Demystifying The Most Pervasive Cloud Attack Techniques


Organizations often improve their cloud security posture by implementing measures informed by industry trends. Reputable cybersecurity organizations often provide such trends based on real-world data and unbiased analysis. Red Canary recently released the Threat Detection Report 2025, derived from a deep analysis of over 93,000 threats detected across her customer environments, including devices and cloud infrastructure. This article explores the most prevalent cloud attacks discussed in the report and provides further insights and countermeasures.

Cloud Threat Detection - An Overview
The need to adopt efficient threat detection strategies in cloud infrastructure increases dramatically as the threat landscape evolves.
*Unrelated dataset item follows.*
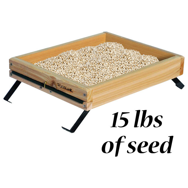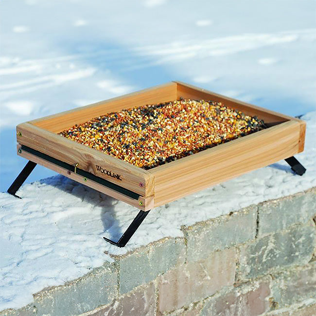 Supply ground feeding birds a unique dining spot with this Dove Feeding Package with Tray Feeder and Safflower Seed. Non migratory doves and pigeons are often welcome visitors in bird gardens, and this bundle is a fantastic way to selectively feed them. Extend the legs of the included Woodlink 3 in 1 Platform Feeder outward, and rest this item on the ground. Situating it beneath an existing hanging feeder often helps attract these birds, while capturing some tossed seed for less yard waste. Add 3.6 quarts of the included safflower seed to this generous reservoir, which has a screened metal base for drainage and air circulation. Slide this screen out of the wooden frame periodically for thorough cleaning, and add fruit or other treats to keep your feathered friends well-fed. The four metal legs make it simple to rest this unit on the ground or your deck, perfect for enticing ground feeding birds to it. Crafted from sturdy wood and metal, this feeder will certainly provide many seasons of service, and the included safflower seed is a known favorite of quail, pigeons, and doves. Invite select ground feeding birds to your yard with this Dove Feeding Package with Tray Feeder and Safflower Seed.

Cloud security tools like CSPM, CIEM, and CNAPP provide organizations with compliance and basic cyber hygiene levels; however, implementing threat detection capabilities is imperative to thwart attacks becoming more commonplace, e.g., those outlined in the 2025 Red Canary Threat Detection report. Detecting these attack techniques could be tricky given that adversaries implement stealthy measures, e.g., using valid credentials. Hence, a solid understanding of these attack techniques is imperative for implementing appropriate countermeasures.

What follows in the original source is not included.